Die Bedeutung des Bieres als „luxury food“ hat mit der aufwendigen Herstellung zu tun. Die Produktion von Qualitätsbier ist an eine Reihe teils komplizierter Arbeitsschritte gebunden, die mit langen Reife- und Ruhephasen einhergehen. Unter den schwierigen Bedingungen der vorindustriellen Arbeitswelt konnte das heimische Bierbrauen nur gemeinschaftlich bewerkstelligt werden. Außerdem erforderte es Ressourcen, die nur zu bestimmten Zeitpunkten vorhanden waren. Das Braugetreide konkurrierte mit jenen Getreidemengen, die für die Herstellung von Brot, Suppen oder Breigerichten unverzichtbar waren. Daher hatte das Brauwesen vor allem dann Konjunktur, wenn überschüssiges Getreide verfügbar war. Die zahlreichen süddeutschen Reinheitsgebote des Mittelalters zielen weniger auf den Schutz vor schädlichen Würzstoffen als vielmehr darauf, bestimmte Getreidesorten in Zeiten schlechter Ernten vom Bierbrauen auszunehmen. Der Stellenwert des Bieres als „luxury food“ wird schließlich in zahlreichen Rechtsverordnungen und handelspolitischen Instrumenten manifest. Bereits aus den frühen Stadtkulturen Mesopotamiens hat sich ein breites Verwaltungsschriftgut überliefert, das Bierproduktion und -handel zum Gegenstand hat. Wenngleich diese Quellen nur spärliche Einblicke in die Herstellung und den Konsum von Bier gewähren, zeigen sie doch, dass das Produkt schon in den frühen öffentlichen Verwaltungssystemen eine Rolle spielte, denn auf die Herstellung und den Handel mit dem Gebräu wurden Steuern erhoben. Bier stand über die Jahrhunderte außerdem im Fokus der Behörden, weil sie – oft vergebens – nach Instrumenten suchten, um den Konsum der Bevölkerung zu reglementieren. Beispiel hierfür sind die skandinavischen Prohibitionen der 1910er- und 1920er-Jahre und besonders die Alkoholverbote, die im Amerika der Jahre 1920 bis 1933 galten.
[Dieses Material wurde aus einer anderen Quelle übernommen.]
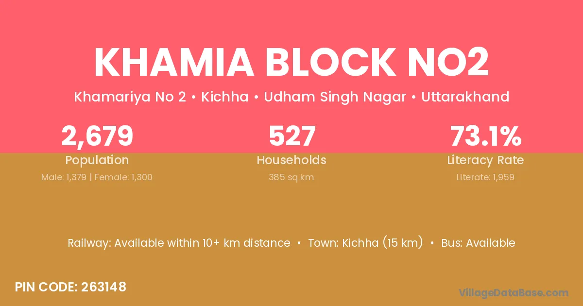 Kichha (15 km) is the nearest town to Khamia Block No2 village for major economic activities and is located approximately 15 km away.

Ein Jahrhundert zuvor war der Alkoholkonsum schon einmal in den Blickpunkt der Wissenschaft und bald auch der Behörden gerückt. Anlass war ein schmales Buch mit dem Titel Die Trunksucht und eine rationelle Heilmethode derselben aus der Feder Carl von Brühl-Kramers. Der Moskauer Arzt führte darin den Begriff Trunksucht ein und äußerte die revolutionäre Ansicht, dass selbst gelegentlicher Konsum von Bier (oder Wein) zur Sucht führen könne. Trinken war fortan nicht mehr nur Genuss, sondern wurde auch mit dem Aspekt Krankheit in Verbindung gebracht.12 Die Diskussionen über den vermeintlich falschen oder richtigen Bierkonsum und seine Bedeutung – je nach Position – als Droge oder als nährstoffreiches Allheilmittel halten an und werden wohl auch in Zukunft erbittert geführt werden.13

Die Problematik eines Lebensmittels aus der Kategorie der Genussmittel wird in diesen kontroversen Betrachtungsweisen deutlich. Je nach Zeit, Raum, Wirtschaftslage und sozioethischem Kontext wandelte sich die kulturelle Wertigkeit des Bieres. Während die Abstinenzbewegung im Europa des späten 19. Jahrhunderts das Bier als Suchtmittel dämonisierte, betonten zur gleichen Zeit Ärzte die positiven und heilsamen Effekte seines Konsums gegenüber anderen Getränken wie Kaffee oder Wasser.14 Die Funktionen des Bieres sind vielschichtig: War es während seiner gesamten Geschichte, und insbesondere in Zeiten klimatischer Umwälzungen, Nährstofflieferant und Nahrungsmittel breiter Bevölkerungsteile, so diente es zugleich in anderer Form dem demonstrativen Konsum einzelner Eliten.